Wartell v. Novograd

141 A. 461, 49 R.I. 191, 1928 R.I. LEXIS 36
CourtSupreme Court of Rhode Island
DecidedApril 25, 1928
StatusPublished
Cited by3 cases

This text of 141 A. 461 (Wartell v. Novograd) is published on Counsel Stack Legal Research, covering Supreme Court of Rhode Island primary law. Counsel Stack provides free access to over 12 million legal documents including statutes, case law, regulations, and constitutions.

Bluebook
Wartell v. Novograd, 141 A. 461, 49 R.I. 191, 1928 R.I. LEXIS 36 (R.I. 1928).

Opinion

*192 Barrows, J.

This case after a second jury trial is before us on defendant’s exceptions (1) to refusal to direct a verdict for defendant, (2) to alleged errors in rejecting certain evidence offered by defendant and (3) to the direction of a verdict for plaintiff for $7,161.36.

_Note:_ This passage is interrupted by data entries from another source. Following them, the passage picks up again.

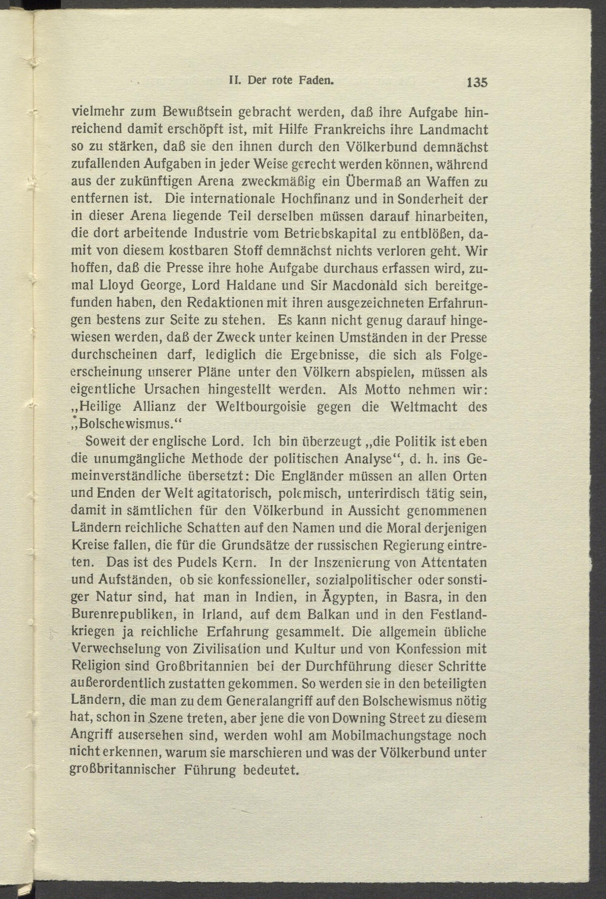 vielmehr zum Bewußtsein gebracht werden, daß ihre Aufgabe hinreichend damit erschöpft ist, mit Hilfe Frankreichs ihre Landmacht so zu stärken, daß sie den ihnen durch den Völkerbund demnächst zufallenden Aufgaben in jeder Weise gerecht werden können, während aus der zukünftigen Arena zweckmäßig ein Übermaß an Waffen zu entfernen ist. Die internationale Hochfinanz und in Sonderheit der in dieser Arena liegende Teil derselben müssen darauf hinarbeiten, die dort arbeitende Industrie vom Betriebskapital zu entblößen, damit von diesem kostbaren Stoff demnächst nichts verloren geht. Wir hoffen, daß die Presse ihre hohe Aufgabe durchaus erfassen wird, zumal Lloyd George, Lord Haldane und Sir Macdonald sich bereitgefunden haben, den Redaktionen mit ihren ausgezeichneten Erfahrungen bestens zur Seite zu stehen. Es kann nicht genug darauf hingewiesen werden, daß der Zweck unter keinen Umständen in der Presse durchscheinen darf, lediglich die Ergebnisse, die sich als Folgeerscheinung unserer Pläne unter den Völkern abspielen, müssen als eigentliche Ursachen hingestellt werden. Als Motto nehmen wir: „Heilige Allianz der Weltbourgoisie gegen die Weltmacht des Bolschewismus.“
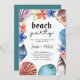 Convite de festas de praia noivado, enquadrado com conchas aquáticas e flores tropicais. A expressão "festa de praia" é escrita à mão e o texto restante é perfeitamente editável.
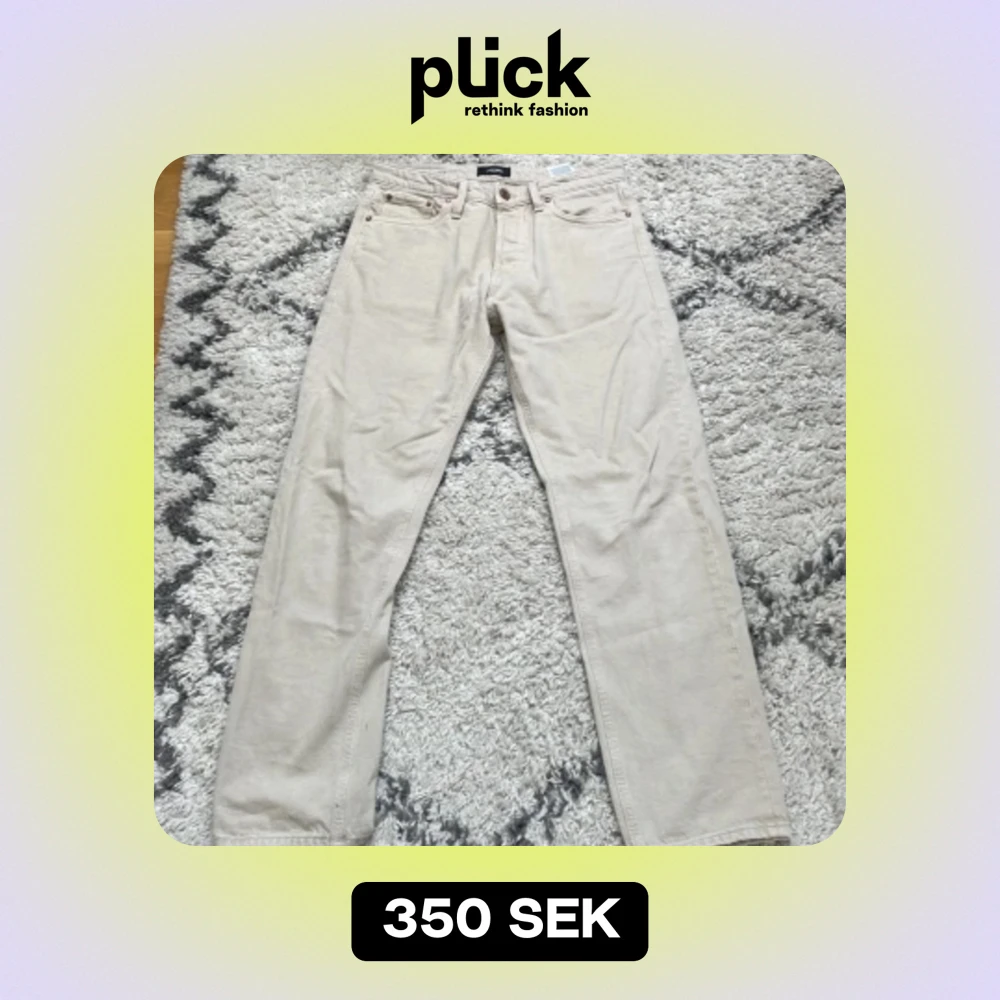 Riktigt schyssta beiga relaxed Jack and Jones jeans. Den är bara testad. Storleken är 30/32. Hör av er vid frågor och pris kan diskuteras.
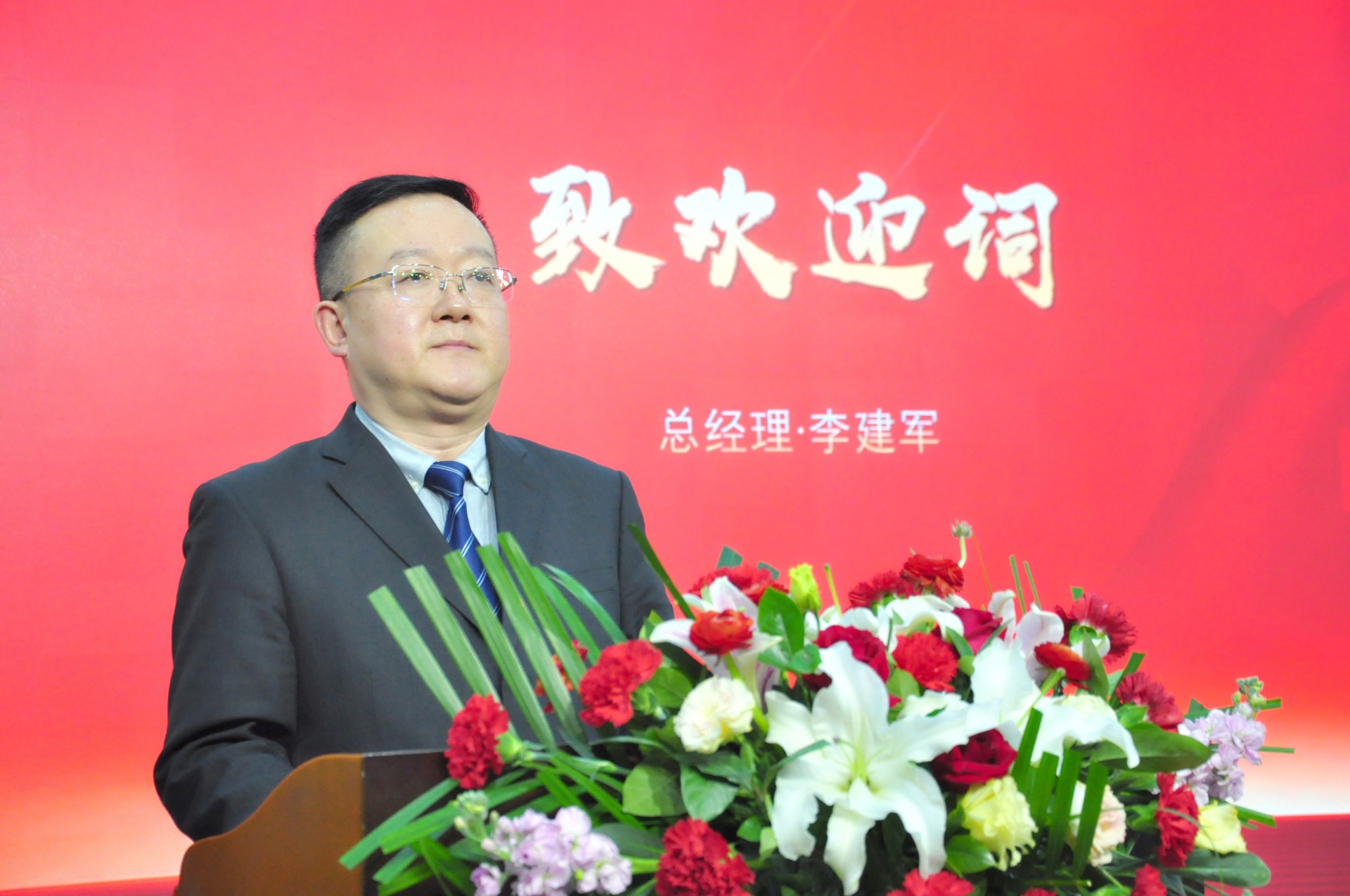 上圖:東信醫(yī)藥總經(jīng)理李建軍先生致歡迎詞
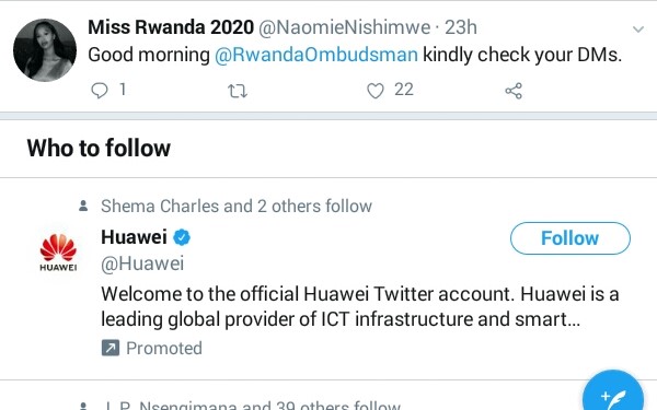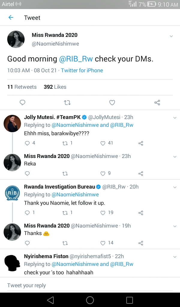 Nishimwe Naomi yagize ati: "Mwaramutse RIB, mwareba ubutumwa nabandikiye mu gikari". RIB yahise imuzubiza byihuse iti "Urakoze Naomie reka tubikurikirane". Miss Naomi yahise abashimira ati "Murakoze". Ubu butumwa bwa Nishimwe Naomie yabuhaye n'Urwego rw'Umuvunyi, uru rwego rwamusubije rugira ruti: "Muraho Miss, ubutubwa bwawe bwakiriwe murakoze".
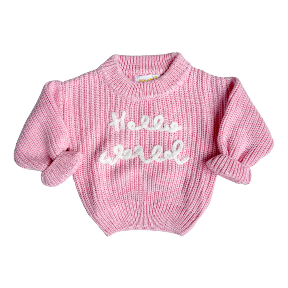'Hello World' Chunky Knit Jumper | Baby Pink
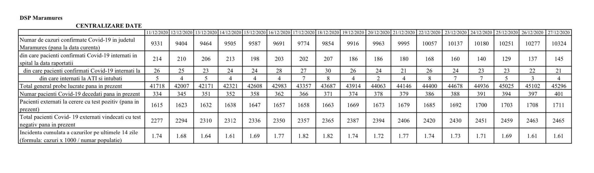 Coronavirus, 27 decembrie 2020: S-a ajuns la 401 decese în Maramureș (încă 4)! În județ, în total, 10.324 cazuri de la început (47 noi)
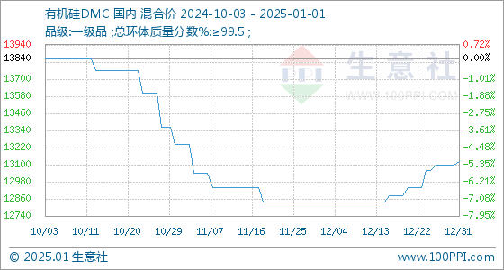 1月1日,生意社有机硅DMC基准价为13120.00元/吨,与上月初(12840.00元/吨)相比,上涨了2.18%。
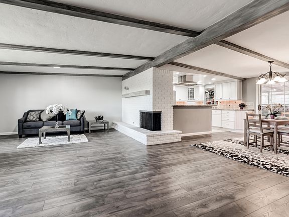 *******NEW REDUCED PRICE******* Agents who bring the buyer 2.5% This single-story home has been completely transformed into a beautiful masterpiece! It's been completely renovated from floor to ceiling & beyond! What was once outdated & lack luster in style is now a work of transitional art & aesthetic appeal! Massive amounts of natural lighting, 180-degree panoramic views. Step in the front door into your spacious living room w costume painted wood beams, brand new flooring, large window w tons of natural light & wood burning fireplace w beautiful custom floating mantel. Follow the white brick accent wall into a large dining area w brand new flooring industrial light fixture and breakfast bar. Enter your newly Remodeled Gourmet kitchen is a chef's delight, complete with beautiful 6 burner Gas Range Top by Dacor, Stainless steel Convection Microwave by Dacor, Stainless steel large oven by Dacor, large Stainless-steel refrigerator/freezer filtered water and ice maker by KitchenAid (included), stainless steel Range top hood by KitchenAid. Intricately designed wood cabinets w lazy Susan, hide-away dishwasher, back lit display cabinet, built in bread box w sliding door and large pantry. This kitchen also boasts plentiful recessed lighting, under cabinet lights, sliding shelves, hide-away garbage cans, plenty of space for your pots and pans & gorgeous granite counters. XL Bonus off kitchen accent wood beams, brand new flooring, center piece fire place ceiling fan w custom floating mantel, 2 skylights with an amazing skyline view. Remodeled hall bathroom with beautiful tile walls and floor, leather finished double sink counter, newer light fixture, brand new faucets in tube and sinks, Master Bedroom has brand new flooring and ceiling fan with a great panoramic territorial view. Completely remodeled master bath, floor to ceiling tile in shower w lighting, and granite counter top, and heat lamp. Spacious bedroom 1 and 2 with brand new flooring and ceiling fans. Other upgrades include new hall lighting, and flooring, electrical outlets and switches, Smart lock, outdoor solar lighting, epoxy garage floor, sprinkler and drip system.

It was formerly here on a state of facts showing plaintiff to be a third mortgagee and defendant to have foreclosed on a fifth or sixth. The priority of plaintiff’s mortgage appeared from its recitals. Then we said that defendant might be liable in assumpsit if he agreed to use money in his possession belonging to Terkel for the specific purpose of paying Terkel’s debt to plaintiff. We said the fact that the action followed a mortgage foreclosure by defendant was only incidental. We spoke of the action as one contractual in form of procedure but equitable in its nature. Wartell v. Novograd, 48 R. I. 296 (137 Atl. 776). Because *193 of erroneous direction of a verdict for defendant on the ground that an action at law would not lie we ordered a new trial, declining to grant plaintiff’s motion for direction of a verdict because his testimony was somewhat hazy and inconsistent and defendant did not testify.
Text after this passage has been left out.